In the early stages of nerve fiber loss, often before enlargement of the cup, existing neuroretinal rim tissue can be observed to become more translucent. The clinician can best observe this rim translucency by using a lens at the slit-lamp biomicroscope, employing a thin slit beam and confining the beam to the disc surface.
As the nerve fiber loss continues, the cup may begin to enlarge by progressive posterior collapse and compaction of the remaining viable nerve fibers. In circumstances where the neuroretinal tissue—but not the overlying nerve head vasculature—has collapsed, vessel overpass can often be observed. The blood vessels overlying the collapsed neural rim tissue look like a highway overpass suspended over—but not in contact with—the underlying tissue.

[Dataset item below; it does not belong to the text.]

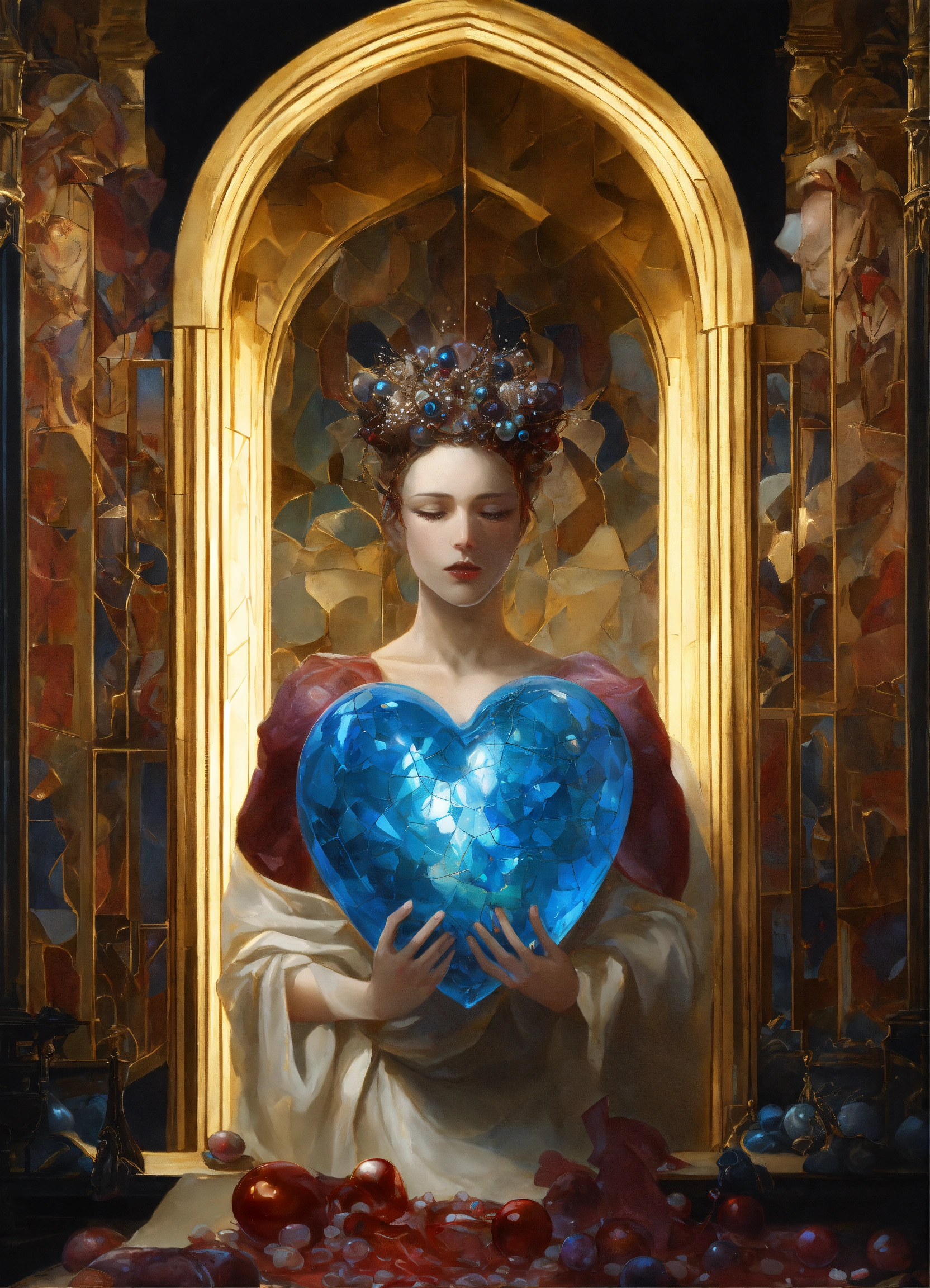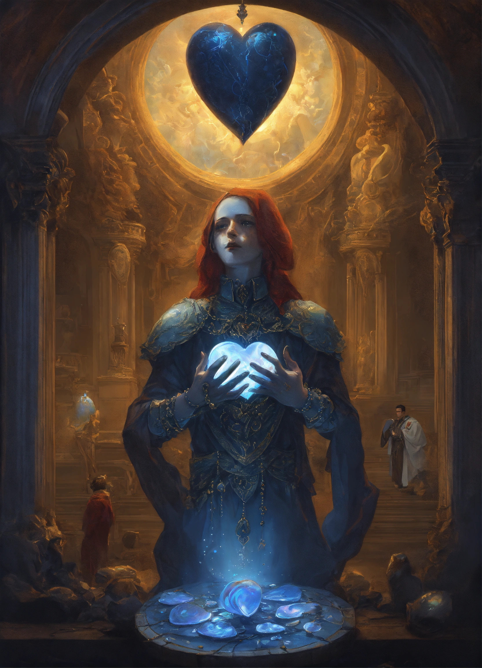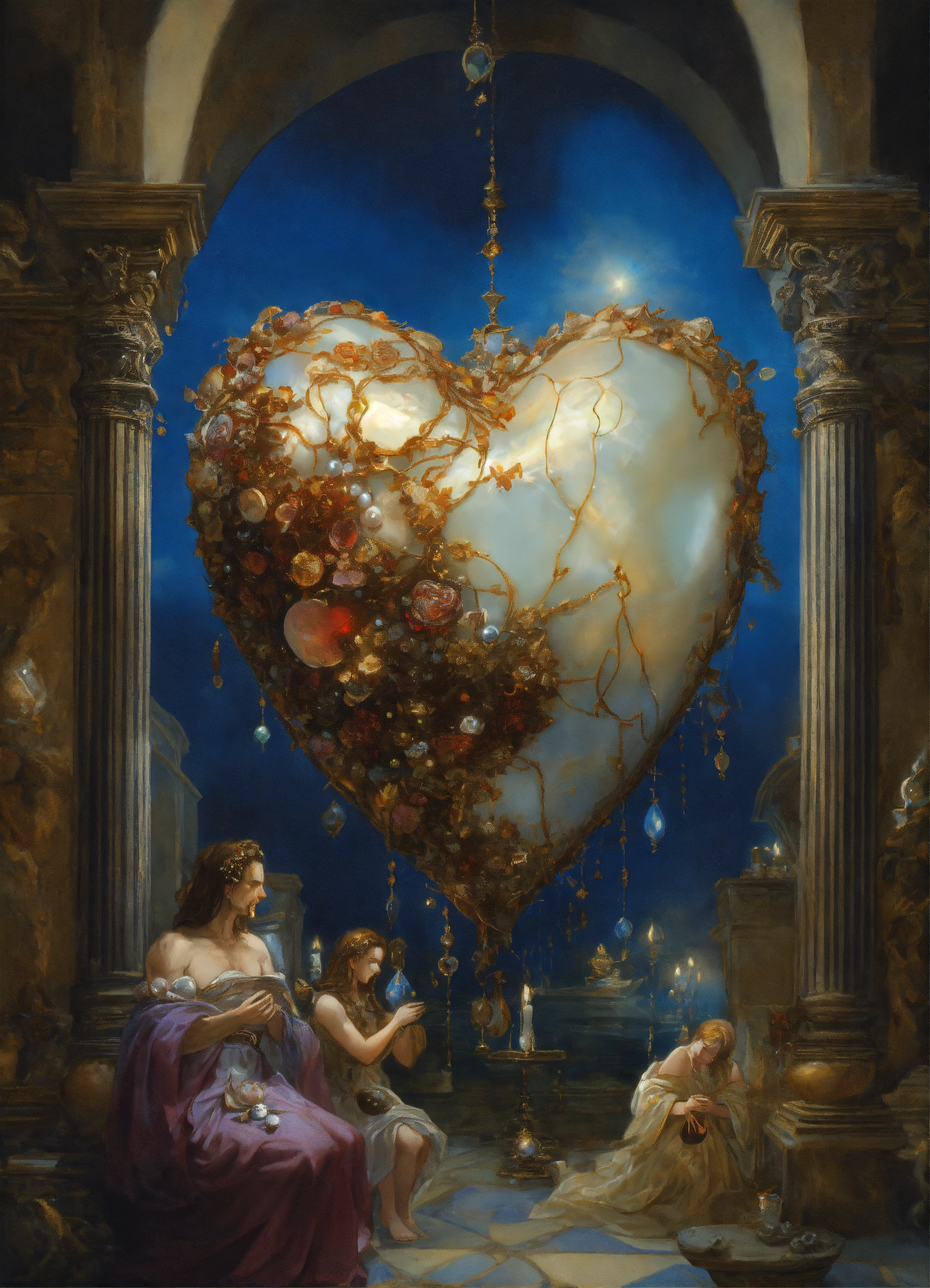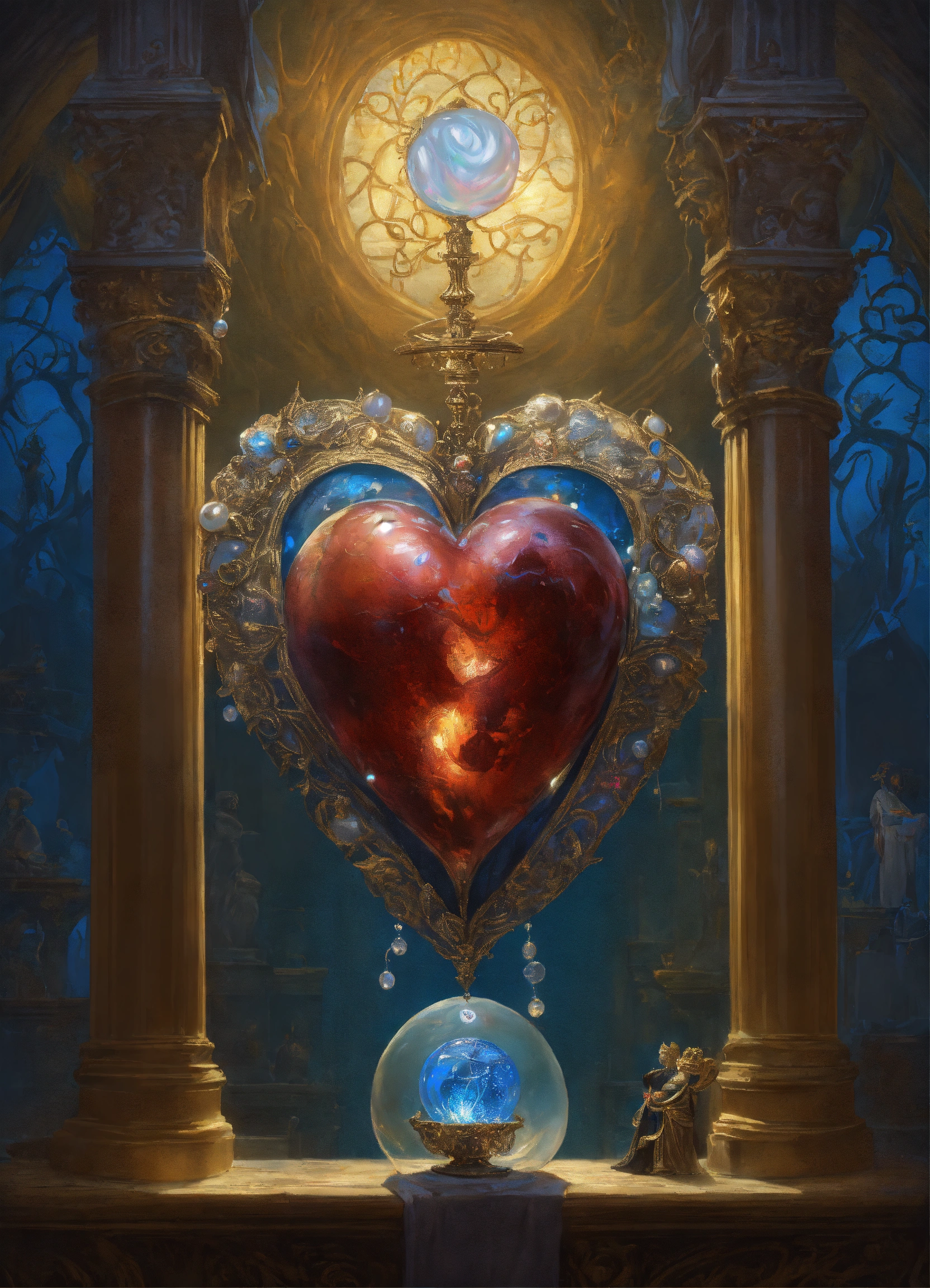 Genre dark fantasy. the genre of the work is grotesque. in the foreground is a beating biological heart the color of mother-of-pearl, spewing out clots of light. in the background, pale male hands studded with blue pearls reach towards a heart from an arched passage.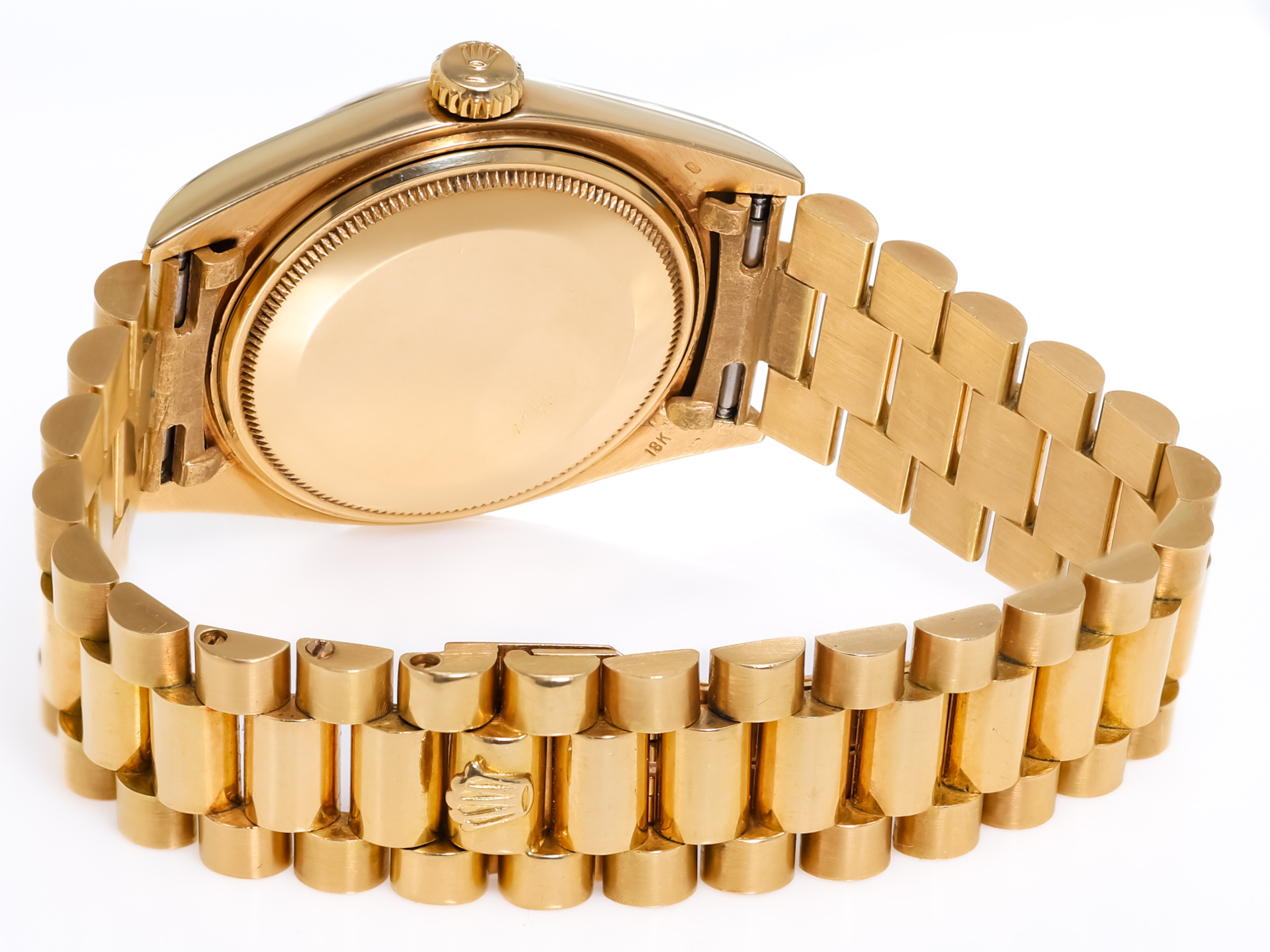 The watch is fitted with its iconic 18k yellow gold President bracelet, offering both comfort and unmistakable presence. The classic 36 mm case retains strong proportions, while the fluted bezel, applied gold hour markers, and matching hands create a perfectly balanced and timeless aesthetic.

Peripapillary atrophy occurs as 2 types. Alpha-zone peripapillary atrophy is the typical temporal crescent often seen in myopia with areas of hyperpigmentation and hypopigmentation; it has no known impact on glaucoma. The second type, beta-zone peripapillary atrophy, is seen with greater frequency and is more extensive in eyes with glaucoma than in unaffected eyes. It represents loss of choriocapillaris and retinal pigment epithelium, leaving only large choroidal vessels and sclera and resulting in the characteristic white appearance adjacent to the disc margin. The location of the atrophy often correlates with the position of visual field defects. Other less specific signs of glaucomatous damage include nasal displacement of the vessels, narrowing of peripapillary retinal vessels, and baring of the circumlinear vessels. With advanced damage, the cup becomes pale and markedly excavated.
It is important to recognize that glaucomatous optic nerve damage is only one type of pathologic change of the optic nerve; other etiologies of optic nerve changes should be considered in the differential diagnosis. Optic discs where the remaining neuroretinal nerve tissue is pale may need to be evaluated for causes of nonglaucomatous optic atrophy (see BCSC Section 5, Neuro-Ophthalmology). Glaucoma results in increased cupping and pallor within the cup, but not pallor of the remaining rim tissue. In addition, a large cup may be physiologic in a large disc. This can best be assessed following measurement of the disc diameter. Consideration must also be given to a disc with optic disc drusen or coloboma, which can result in visual field loss but not on the basis of glaucoma. Finally, the myopic disc represents a challenge when attempting to assess possible glaucoma damage. The size, tilting, and associated structural changes often preclude the ability to definitively determine the likelihood of glaucoma damage.